The payment war is shifting to distribution as stablecoins reach mainstream status

“Both Stripe and PayPal do about the same payment volume, but Stripe has about a fifth of the net revenue,” Hadick said. “From a financial perspective, this is obviously incremental and it helps them connect their merchant processing business, which is at risk of being commoditized, to a broad subset of PayPal’s more than 400 million accounts.”

Hadick also warned that it would be difficult to complete a deal of that size. “M&A integration of something this size is incredibly tough,” he said.

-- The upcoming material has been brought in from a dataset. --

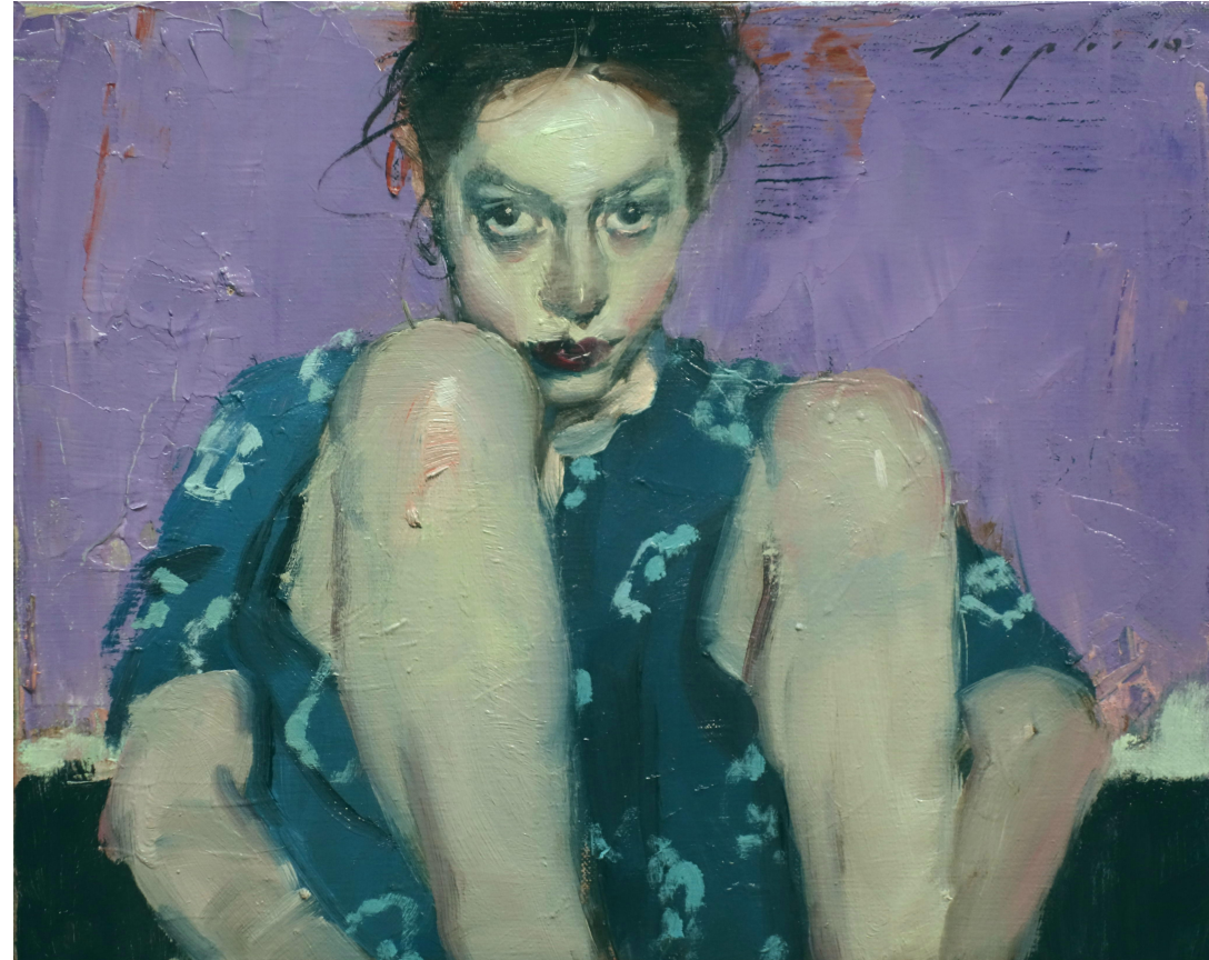
Up Close, 2016 10 x 12"

In addition to merchant payments

Eric Queathem, CEO of Velocity, said the acquisition would also give Stripe access to one of the world’s largest consumer payments ecosystems, providing a platform to expand beyond merchant payments.

The proposed acquisition will also determine who controls the consumer side of blockchain-based payment infrastructure, complementing Stripe’s existing merchant network and stablecoin capabilities.

Several executives said the competitive focus has shifted from proving blockchain technology works to controlling distribution.

Pankaj Bengani, founder and CEO of Meld, agreed with Larbi that the race is on.

“The race has shifted from proving the technology works to owning distribution,” Bengani said, adding that “stablecoins have moved from experiment to core payment infrastructure.”

Citi analysts reached a similar conclusion in a research note, writing that stablecoin competition has become “a standard-setting game,” with the scale falling to the stablecoin that becomes the standard across the largest merchant, consumer wallet or autonomous transaction base, rather than to the issuer with the best technology.